Big Girl and I were in my bathroom on Monday morning. I was brushing her hair, and Two was over by the window, watching the dogs play in the back yard. Two named both of the dogs, and Big Girl was quiet for a moment. Then she asked, "Mommy? Where's Rusty?"
She hasn't mentioned Rusty in several months. Rusty was our Brittany, adopted shortly after Hubs and I got married, and he passed away last summer. Big Girl has mentioned Rusty, less frequently with the passing months, but has never asked so directly about him since he died.

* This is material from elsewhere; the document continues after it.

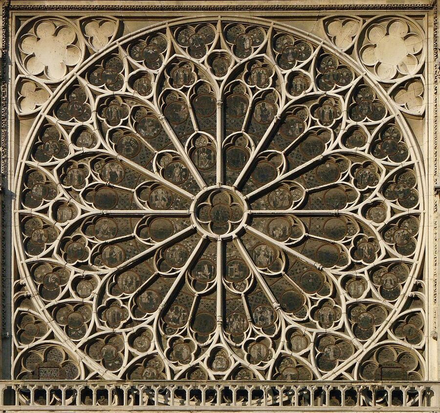 В XIII в. лучистые розы появились и в Соборе Парижской Богоматери. Переплеты Северной и Южной роз, добавленных позже, значительно тоньше и сложнее, чем переплеты Западной розы собора или розы Сен-Дени, что отражается эволюцию стиля лучистой готики.

I froze for a moment. I didn't know how to explain it to her, because she hadn't really understood death when Rusty died last year, or when my grandfather passed away a few months ago. I had managed to skirt the topic so far, but she wanted an answer. Sooo...
"Rusty went to heaven to live with God. God knew he was a really good dog, and he needed a good dog to help him and keep him company in heaven. So he called for Rusty to come there with him."
I know that's not exactly the way a minister might explain it. I know the idea of animals in heaven isn't exactly in line with Scripture. But Rusty? If any dog would make the cut and get to heaven, he would. This just felt right when I said it, so I went with it.
Big Girl thought for a minute, and then she looked sad, ever so briefly, and burst into tears. I felt wretched when she started crying. I picked her up and she just sobbed, "I miss Rusty." When I told her that I miss him too, the crying just got louder. I had a hard time not crying myself, but I forced myself not to - she gets really upset by the sight of me crying. I managed to soothe her, and she stopped crying and I changed the subject.
She spend most of the day at my parents' house while I was working. Rusty apparently came up several times in conversation. I had told my parents what I told her, so they stuck to my story. Apparently Big Girl asked my mom if God might send Rusty back to her, if he finished with his work in heaven.